The Wreck Removal Convention, 2007 – The Commercial & Legal Implications

Shipwrecks are a growing concern with typically a 1,000 casualties attributed to shipping globally each year. MSC Napoli, The Container Ship Rena and The Costa Concordia are a few examples of the most notable wrecks. The total cost of the top 20 most expensive wreck removals from the past decade currently stands at $2.1B and is set to increase over time.

The Convention

The Nairobi Convention was drafted to provide the legal basis for States to remove or have removed shipwrecks that may risk the safety of lives, goods and property at sea as well as the marine environment. This finally came into force in April 2015 with Denmark being the 10th state to ratify the convention to law.

The Convention applies only to wrecks located in the Member States’ Exclusive Economic Zone (EEZ).  However, a Member State may choose to extend the scope of the Convention to its own territory, including its territorial sea.

Under the WRC, claims may be made against a shipowner/club/insurer within 3 years from the date the hazard was determined. However, an action can also be brought against them within 6 years of the date of the maritime casualty that resulted in the wreck. Where the maritime casualty consists of a series of occurrences, the 6 year period shall run from the date of the first occurrence.

Legal Implications

The WRC, has brought about consistency and fairness in its approach to wreck removal, though it may be limited it has however created a uniform and enforceable regime to be followed around the world. Under the WRC, a vessel would not be allowed to enter the waters of a ratifying state unless she was properly insured and had a certificate to prove it. If the vessel’s flag state had not ratified the convention yet, then another Flag State may provide the certificate. Additionally, P&I clubs can no longer walk away from a wreck if the owner/member was unable to pay. This practice is now abolished under the WRC and a claimant can bring any associated/simultaneous action directly against the P&I Insurer.

The usual coastal state law that normally applied required any harbour authority issuing a removal order to first prove that a wreck would in fact be a genuine navigational hazard if it was not removed and this was often used as an escape hatch to legitimately ignore such an order. However, this hatch will be closed as the Convention provides an alternative entitlement to demand removal if the wreck creates the “potential” for substantial damage to the environment.

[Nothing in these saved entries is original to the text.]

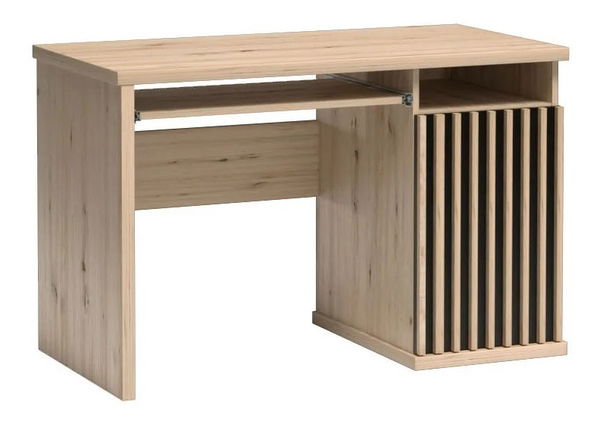 Kus nábytku pro práci doma je především funkční stůl pro speciální úkoly. Stůl, který má místo pro dokumenty, počítač nebo jiné užitečné věci k práci doma. Novinka z kolekce Claudi - psací stůl s lamelami dokonale vyplní prostor mládežnického pokoje. Navíc designový vzhled, tedy módní lamely, vytvoří moderní místnost. Světlá barva desky Artisan bude ladit s jakoukoli barvou stěn a doplňků v domě. Stůl má výsuvnou polici na klávesnici nebo chcete-li notebook, který se tam dá schovat. Na pravé straně je police, do které se vejde například balík papíru. Ve skříňce je police, která dělí tento prostor na polovinu, vejde se do nich spousta kancelářských věcí.
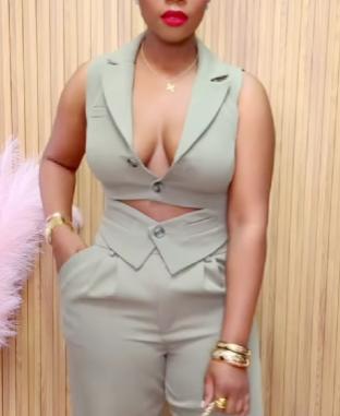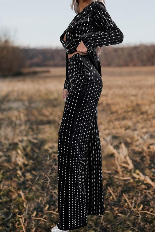 Rhinestone Sparkle Drawstring Waist Two Pieces Set
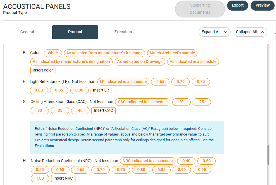 - Specify product requirements in your project's family, section, and product type elements to aid in your product selection.
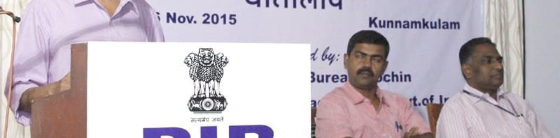 The Senior Journalist, Columnist and former Chairman, Kerala Media Academy, Shri N. P. Rajendran addressing at the inauguration of the Regional Media Workshop (Vartalap), organised by PIB, Cochin, at Kunnamkulam, Thrissur District of Kerala on November 26, 2015.
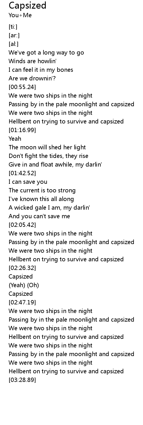 | [01:09.98] | Hellbent on trying to survive and capsized |

Liability is excluded in the event of an act of war or due to exceptional natural phenomena and if a state can be proven to have failed properly to have maintained navigational aids.

Commercial Implications

From the salvors’ viewpoint, there would be an increase in the amount of work and profits. The price for all of this will be paid by the P&I Clubs, insurers and re-insurers throughout the world with the cost then being passed back to ship owner insured’s and their customers.

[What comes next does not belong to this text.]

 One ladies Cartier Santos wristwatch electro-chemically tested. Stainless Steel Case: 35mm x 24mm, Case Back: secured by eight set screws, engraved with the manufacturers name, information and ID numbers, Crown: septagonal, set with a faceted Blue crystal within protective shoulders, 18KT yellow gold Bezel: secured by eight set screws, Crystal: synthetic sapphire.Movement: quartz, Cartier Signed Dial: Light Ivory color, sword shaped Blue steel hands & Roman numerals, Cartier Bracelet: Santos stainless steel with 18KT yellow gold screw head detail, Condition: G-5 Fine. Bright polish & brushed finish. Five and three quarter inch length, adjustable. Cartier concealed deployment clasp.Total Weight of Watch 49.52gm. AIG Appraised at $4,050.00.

The WRC offers increased financial certainty with strict liability on the shipowner for the costs of reporting, marking and removing the wreck if required by the coastal state. The shipowners have a freedom to contract with their choice of wreck removal contractors with direct action against the insurers.

The Nairobi Convention & India

The ratification of the WRC is definitely a step forward by the Government of India. India had earlier acceded to this convention which required at least 10 member states to ratify. Wreck removal came under the subject of the Merchant Shipping Act 1958 & Indian Ports Act, 1908. Previously, under these two acts, ship-owners were legally liable to remove wrecks only within the territorial water if the wreck was a hazard in a shipping lane or close to a navigation channel. Cases like the Rak Carrier, Tanker Pavit and many more, which were abandoned by the owner/club due to absence of the appropriate regulatory framework may now come under the purview of the WRC.